Tre generazioni cantano con Claudio Baglioni

IF1_3091Claudio Baglioni
“Q.P.G.A. tour”
“Arena Magna Grecia” – Catanzaro
23/08/09

Spesso la carriera di un cantante è “segnata” dal brano di maggior successo che, in molti casi può non essere il più bello fra quelli composti o cantati. Nel caso di Claudio Baglioni, esibitosi domenica sera nell’Arena Magna Grecia di Catanzaro, “Questo piccolo grande amore” assume una importanza enorme. Considerato da critica e pubblico il brano più bello della musica italiana negli ultimi trenta anni, questa canzone ha fatto parlare di sé non solo per le sue vendite. Pubblicato nel 1973, “Questo piccolo grande amore”, come “Bella senz’anima” di Riccardo Cocciante, pubblicata l’anno successivo, è stato censurato per una frase ritenuta non idonea per essere trasmessa dalla radio e dalla TV, tanto da costringere il cantante romano ad incidere una versione “edulcorata”.
Oggi tutto è cambiato, tranne il gradimento dei giovani nei confronti di una canzone e di un album che, nell’epoca degli sms, di internet e di un linguaggio diverso, si è adeguato modificando il titolo in “Q.P.G.A.” mantenendo, però, intatto il fascino che da sempre contraddistingue tutta l’opera.
Una ovazione accoglie Claudio Baglioni appena la band introduce il brano iniziale “In viaggio” e l’immagine del cantante romano appare sul gigantesco schermo posizionato in fondo al palco e sul quale, per tutta la durata della prima parte, sono apparse le immagini dell’omonimo film uscito nelle sale cinematografiche alcuni mesi fa. E’ un susseguirsi di momenti di grande intensità che confermano la qualità di quelle canzoni che aleggiano nei nostri cuori da circa quaranta anni. La novità rispetto alla versione originale è data dall’inserimento di alcuni inediti e dai piccoli intermezzi di “Questo piccolo grande amore”, con Baglioni in versione piano solo accompagnato da una orchestra “virtuale” proiettata sul maxi schermo. Quattro brevi accenni che fanno diventare spasmodica l’attesa del brano trainante dell’intera opera. Prima di questo brano, però, Baglioni si fa apprezzare per una voce ancora intatta a dispetto di una età che, come per le canzoni, sembra essersi fermata.
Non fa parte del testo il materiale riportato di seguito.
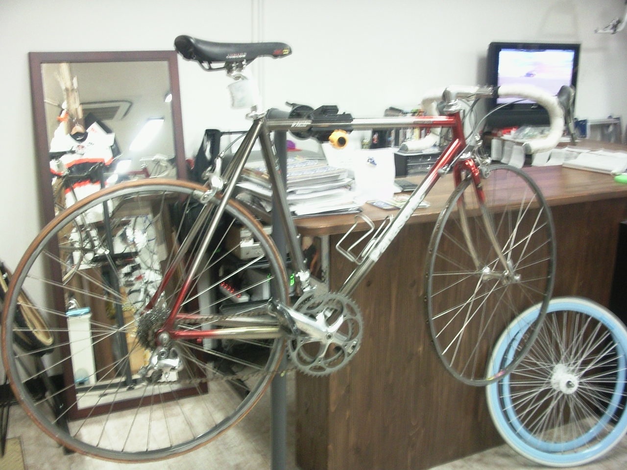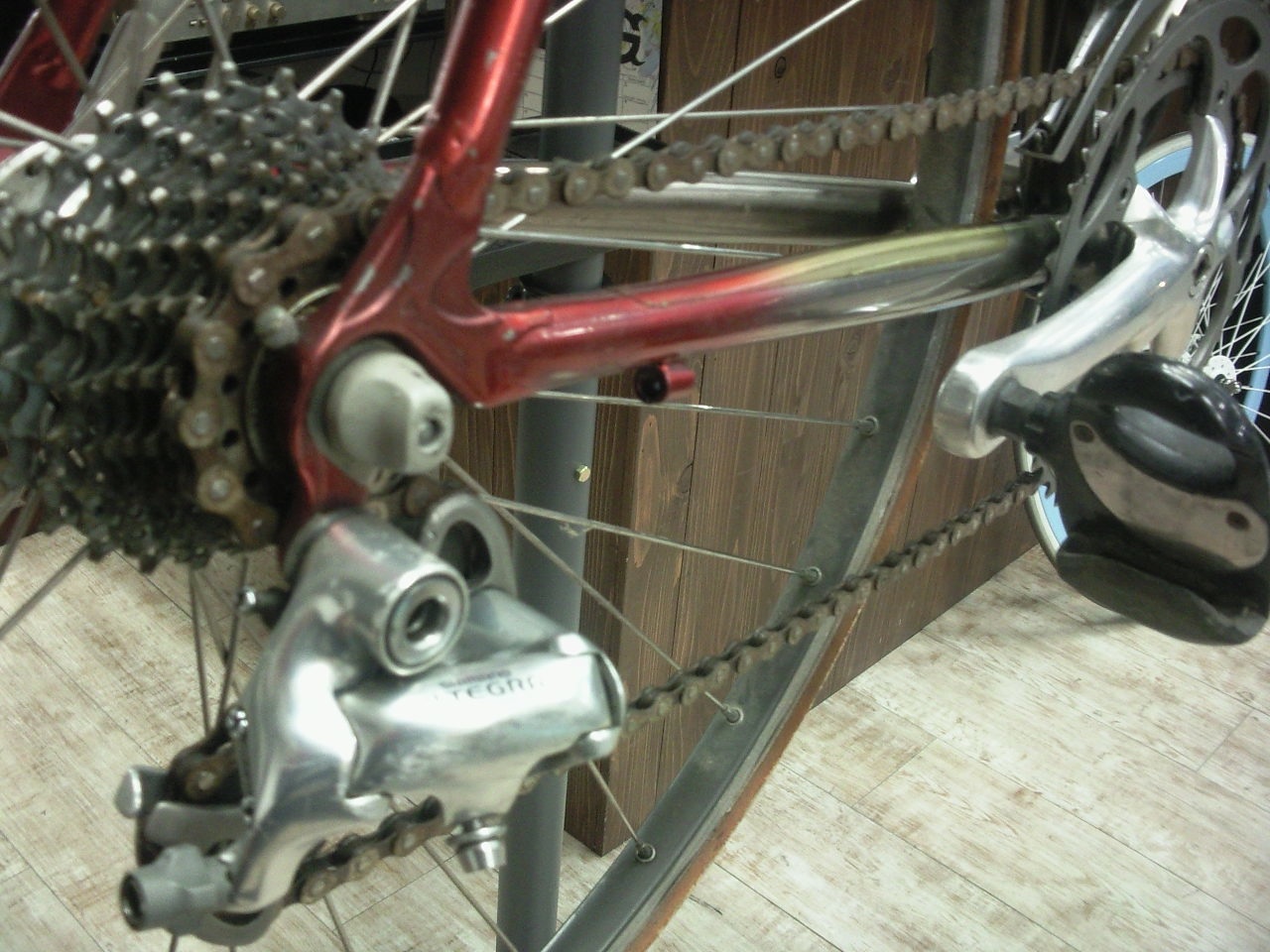 お客さんが持ってきたのは10年くらい眠り続けたロード。部活で使っていたのを再起動。フレームがチタン。そしてオーダー物。オーナーさんより一言、「まかせました」。
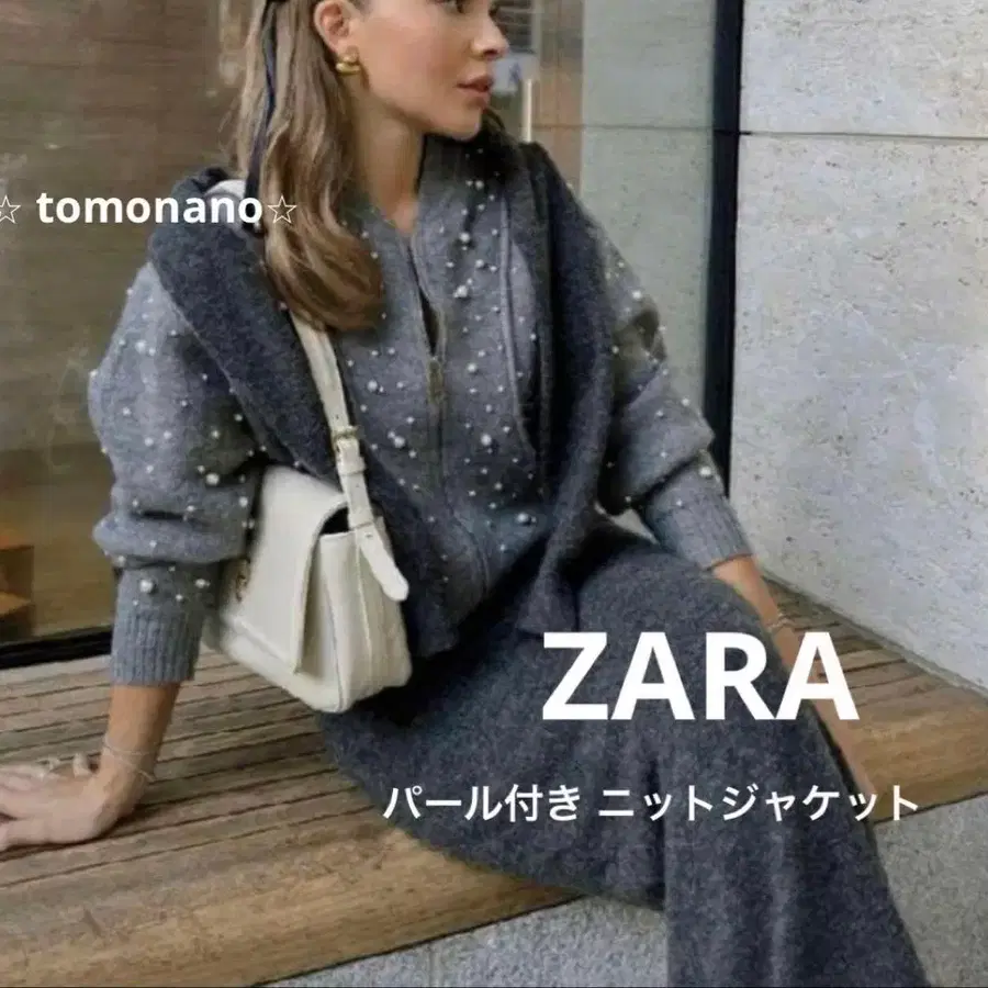 새상품급 ZARA 펄 장식 니트 자켓 그레이 사이즈 L

Poco importa se i suoi capelli ora sono corti e grigi, la sua performance vocale riesce a stupire tutti grazie ai continui cambiamenti di tonalità richiesti da brani come “Piazza del popolo”, “Con tutto l’amore che posso”, “Io ti prendo come mia sposa” e “Quanta strada da fare”. La gente si diverte cantando spontaneamente con Baglioni che in alcuni momenti diventa lui stesso semplice spettatore godendo del delirio del pubblico.
A questo punto la lunga attesa viene premiata. “Questo piccolo grande amore” è la giusta esaltazione di amori vissuti e nati grazie alla magia delle sue note. Non c’è persona che non sia coinvolta emotivamente e che non dia libero sfogo ad una sorta di canto liberatorio.
Le ottime interpretazioni di “Porta Portese” e “Quanto ti voglio” mettono la parola fine alla prima parte del concerto.
Claudio Baglioni siede davanti al pianoforte e senza l’ausilio della band parla degli “Altri amori”. Questo il titolo della seconda parte che inizia con “Amore bello”, “Sabato pomeriggio”, “Solo”, “E tu come stai” ed “Avrai”. Un incredibile senso di gioventù cattura chi ha vissuto gli anni in cui queste canzoni erano la colonna sonora di ogni amore.
“Mille giorni di te e di me”, che vede il ritorno sul palcoscenico di tutta la band, è un’altra grande esecuzione dell’artista che non si risparmia e regala altre gemme del suo repertorio come “Quante volte”, “Io sono qui”, “E tu” , fino all’immancabile secondo bis “Strada facendo”.
E’ un finale incandescente. Ognuno dei presenti ricorderà per molto tempo questa serata voluta dalla Essemme Musica di Maurizio Senese, il quale ha dimostrato che poi non è così difficile riempire le platee se ad essere protagonisti sono i cantanti come Claudio Baglioni, vera icona della musica italiana.